CategoryIndex::getExportDataForIds()

To finish partial exports, we need to implement the last unimplemented method in CategoryIndex – to return all categories by their identifiers. We may also use an already existing method from CategoryRepository.

/**
 * @param int $domainId
 * @param array $restrictToIds
 * @return array
 */
public function getExportDataForIds(int $domainId, array $restrictToIds): array
{
    $categories = $this->categoryRepository->getCategoriesByIds($restrictToIds);

    $domainConfig = $this->domain->getDomainConfigById($domainId);
    $locale = $domainConfig->getLocale();
    foreach ($categories as $category) {
        $result[$category->getId()] = $this->convertToElastic($category, $domainId, $locale);
    }
    return $result;
}

Export only changed categories

Now, when we have a way to export partial data, we can extend the functionality even more and allow to export only changed categories. For this purpose, we need our index to implement \Shopsys\FrameworkBundle\Component\Elasticsearch\IndexSupportChangesOnlyInterface interface and add two more methods: CategoryIndex::getChangedCount() and CategoryIndex::getChangedIdsForBatch().

Note

You will need to implement some way to distinguish changed categories.
For this purpose, you can, for example, add a new attribute to an entity or implement some sort of queue.
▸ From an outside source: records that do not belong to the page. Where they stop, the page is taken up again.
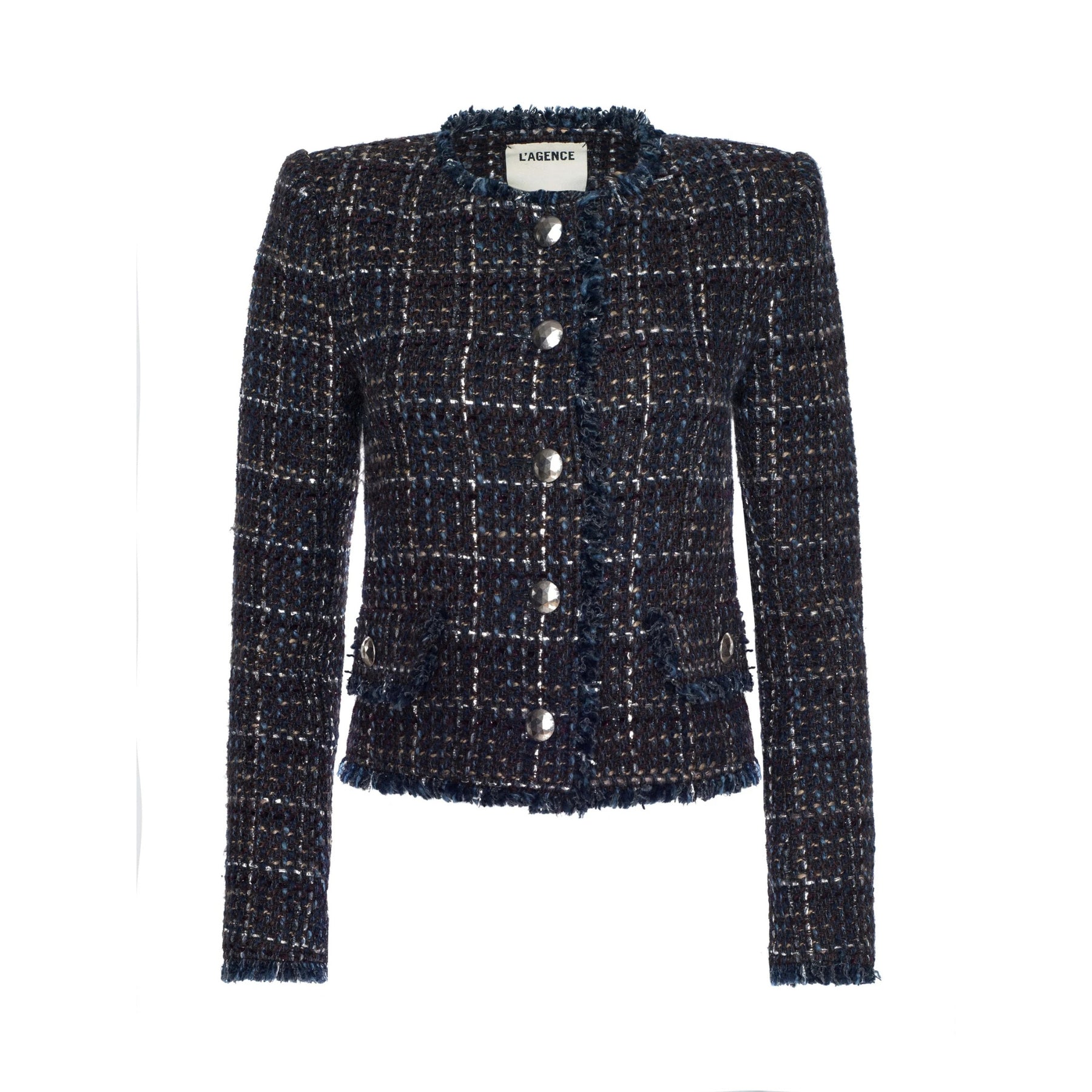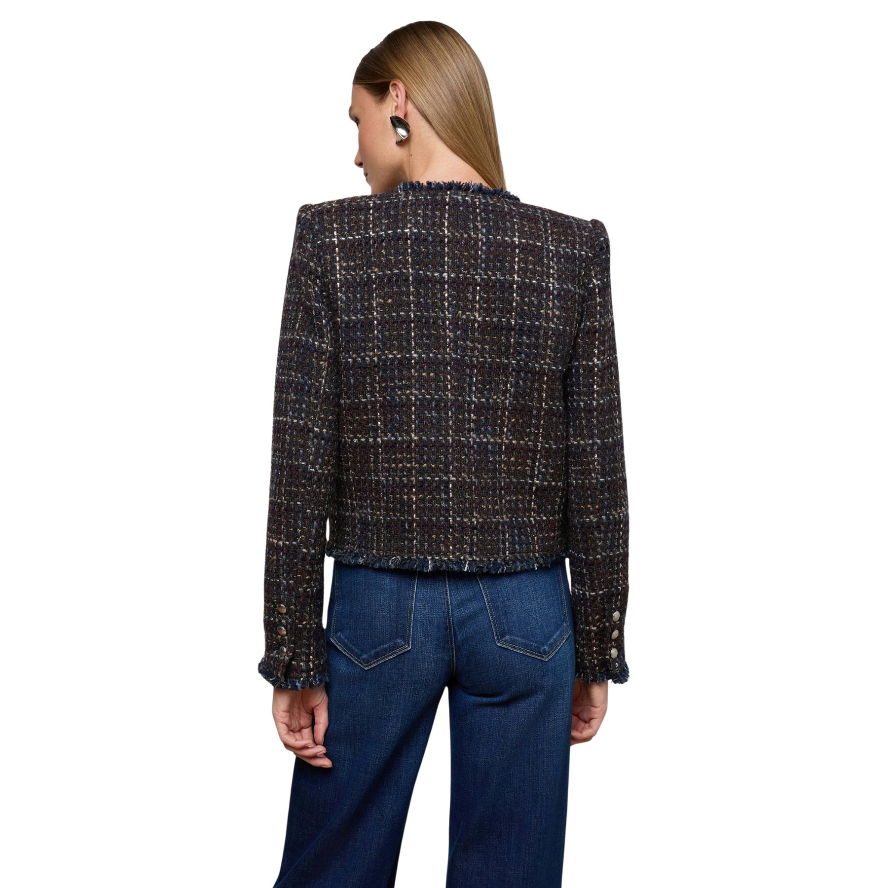 The Zaya Trim Jacket in textured Italian tweed is a modern reinvention of a timeless classic, merging ladies-who-lunch sophistication with downtown cool. Recently highlighted in our Fall ’25 Collection, this cropped tweed jacket is finished with frayed trims and bold statement buttons, making it the ultimate layering piece for every wardrobe.
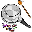 Debajo de la cacerola hemos colocado letras con las que se puede formar una palabra; empezaremos con palabras sencillas: C-A-S-A, pero podemos complicarlo: E-L-E-F-A-N-T-E. Como apoyo podríamos tener preparado un pictograma con la palabra escrita.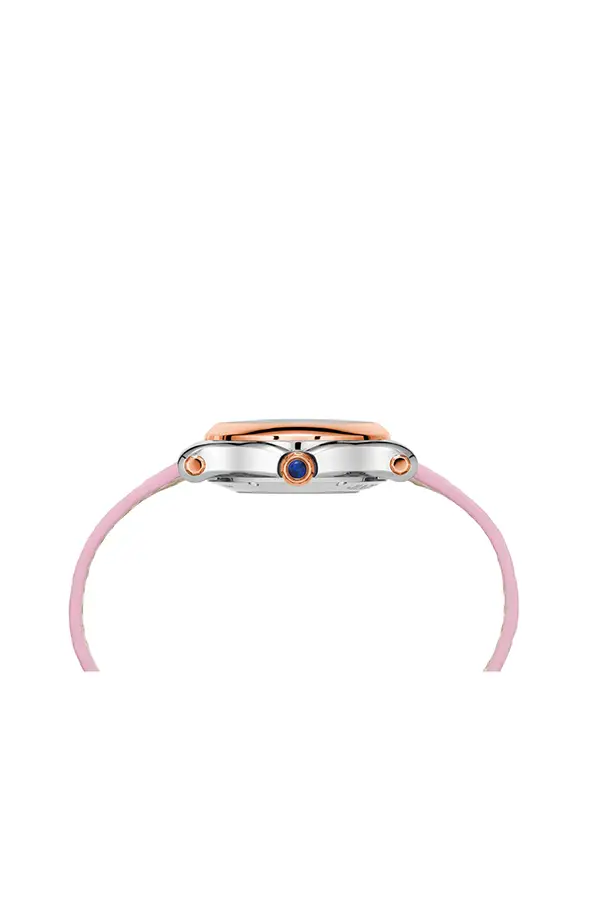 The 30 mm round stainless steel case is framed by an elegant 18k rose gold bezel, encircling a pink dial full of charm. The matching pink alligator leather strap adds a graceful tone-on-tone finish. A sapphire crystal protects the dial while enhancing its brilliance.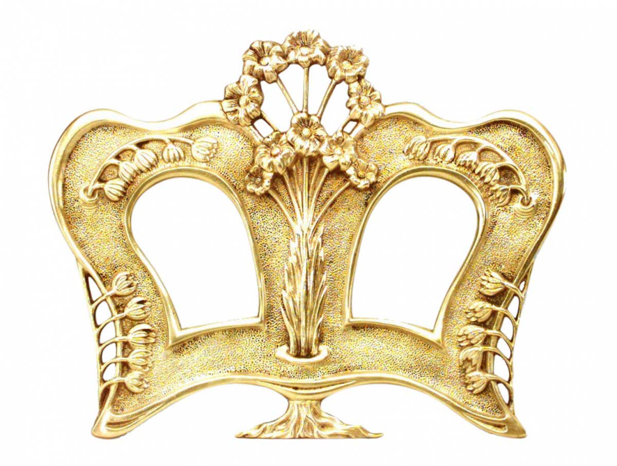 French Art Nouveau bronze double picture easel frame with floral motifs.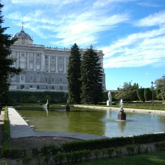 Les Jardins de Sabatini constituent un espace vert formel à côté du Palais Royal de Madrid, conçu dans un style classique combinant les traditions françaises et espagnoles, déployés sur trois terrasses en gradins. La disposition présente des motifs géométriques stricts avec des haies taillées, des fontaines et des bassins ornementaux arrangés en parfaite symétrie.
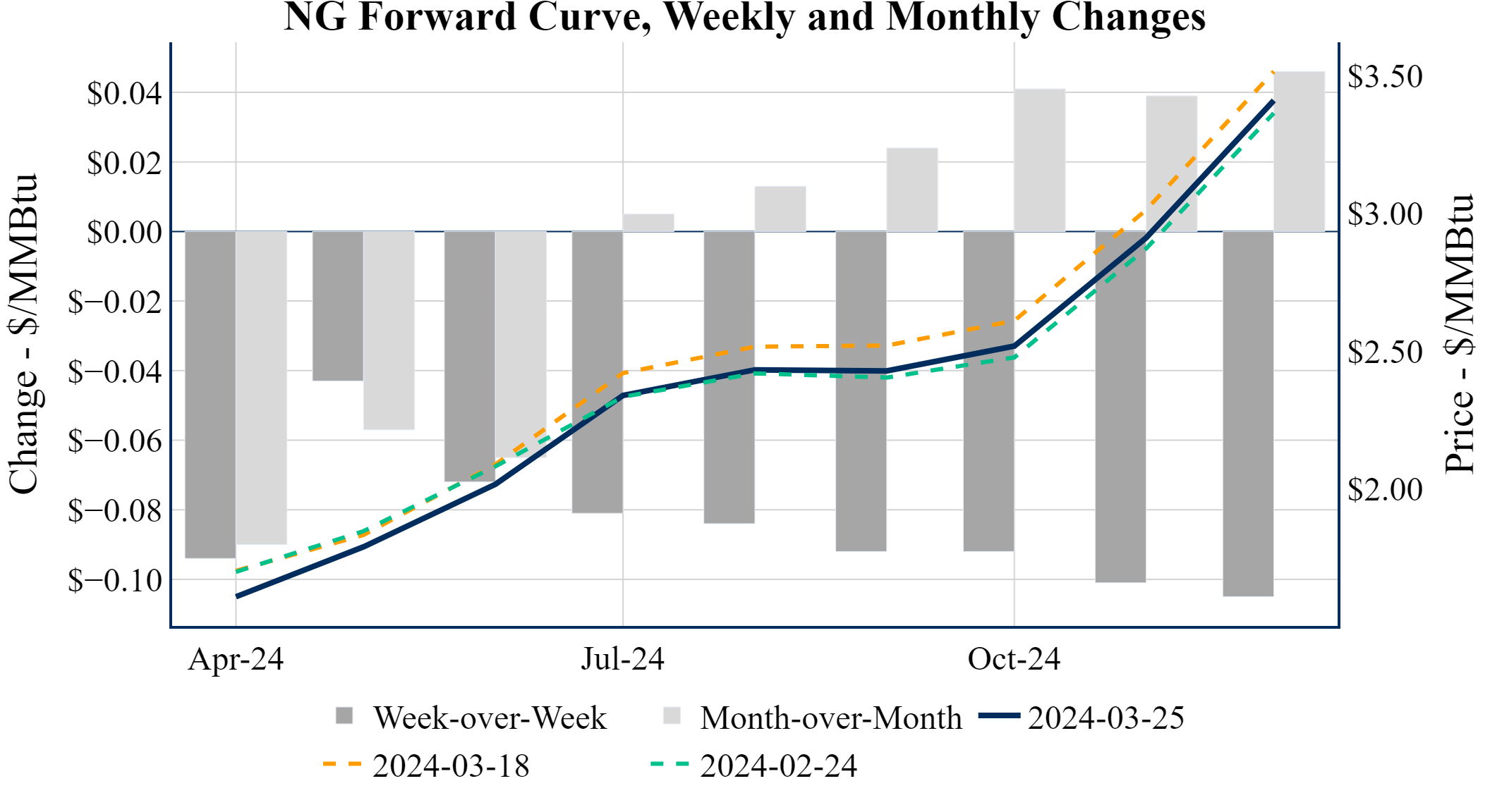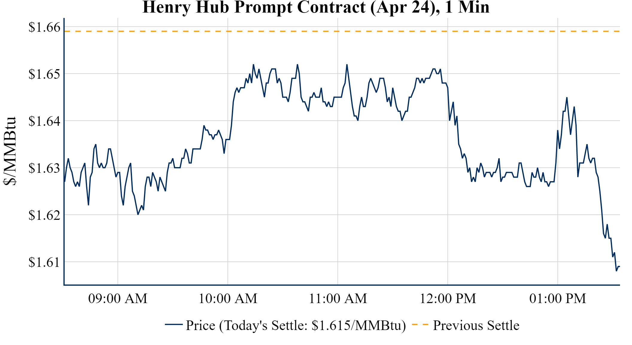 Prompt-Month Henry Hub (Apr 24) was down $-0.044 on the day, to settle at $1.615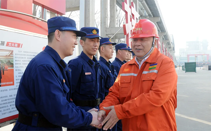 金牛奮蹄踏春來(lái),2月11日,大年三十上午9點(diǎn),集團(tuán)黨委書(shū)記張金成深入園區(qū)生產(chǎn)一線、項(xiàng)目建設(shè)現(xiàn)場(chǎng)、應(yīng)急救援中心、后勤保障部門(mén),看望慰問(wèn)堅(jiān)守崗位的干部員工,向大家親切拜年,致以美好的新春祝福,祝福大家過(guò)年好,闔家幸福!牛年吉祥!祝愿企業(yè)蒸蒸日上!牛年興旺! 送去了集團(tuán)黨委和集團(tuán)公司的關(guān)懷和慰問(wèn)。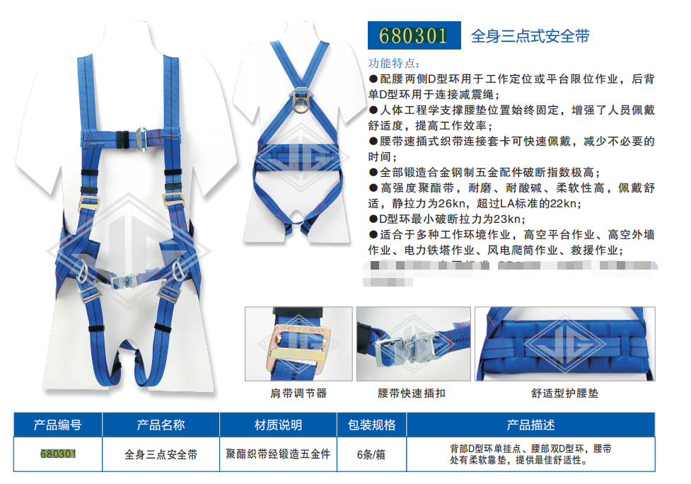 配腰两侧D 型环用于工作定位或平台限位作业,后背单D 型环用于连接减震绳;

CategoryIndex::getChangedIdsForBatch()

This method has to return ID of categories that are considered changed and should be exported. If you use an entity attribute to distinguish changed categories, you can just simply return categories with this attribute set.

declare(strict_types=1);

namespace App\Model\Category\Elasticsearch;

use Shopsys\FrameworkBundle\Component\Elasticsearch\AbstractIndex;
use Shopsys\FrameworkBundle\Component\Elasticsearch\IndexSupportChangesOnlyInterface;

class CategoryIndex extends AbstractIndex implements IndexSupportChangesOnlyInterface
{

    // ...

    /**
     * @param int $domainId
     * @param int $lastProcessedId
     * @param int $batchSize
     * @return int[]
    */
    public function getChangedIdsForBatch(int $domainId, int $lastProcessedId, int $batchSize): array
    {
        $allCategories = $this->categoryRepository->getTranslatedVisibleSubcategoriesByDomain(
            $this->categoryRepository->getRootCategory(),
            $this->domain->getDomainConfigById($domainId)
        );

        $categoryIds = [];
        foreach ($allCategories as $category) {
            // boolean entity attribute `shouldBeExported` have to be added before. See "Adding New Attribute to an Entity" cookbook
            if ($category->shouldBeExported === true) {
                $categoryIds[] = $category->getId();
            }
        }

        return $categoryIds;
    }
}

Note

In a real application, you should implement the logic with the database query to avoid fetching all data unnecessarily.

Note

In this cookbook, we return all affected categories at once.
On larger data sets, you can offset and limit the results with the $lastProcessedId and $batchSize.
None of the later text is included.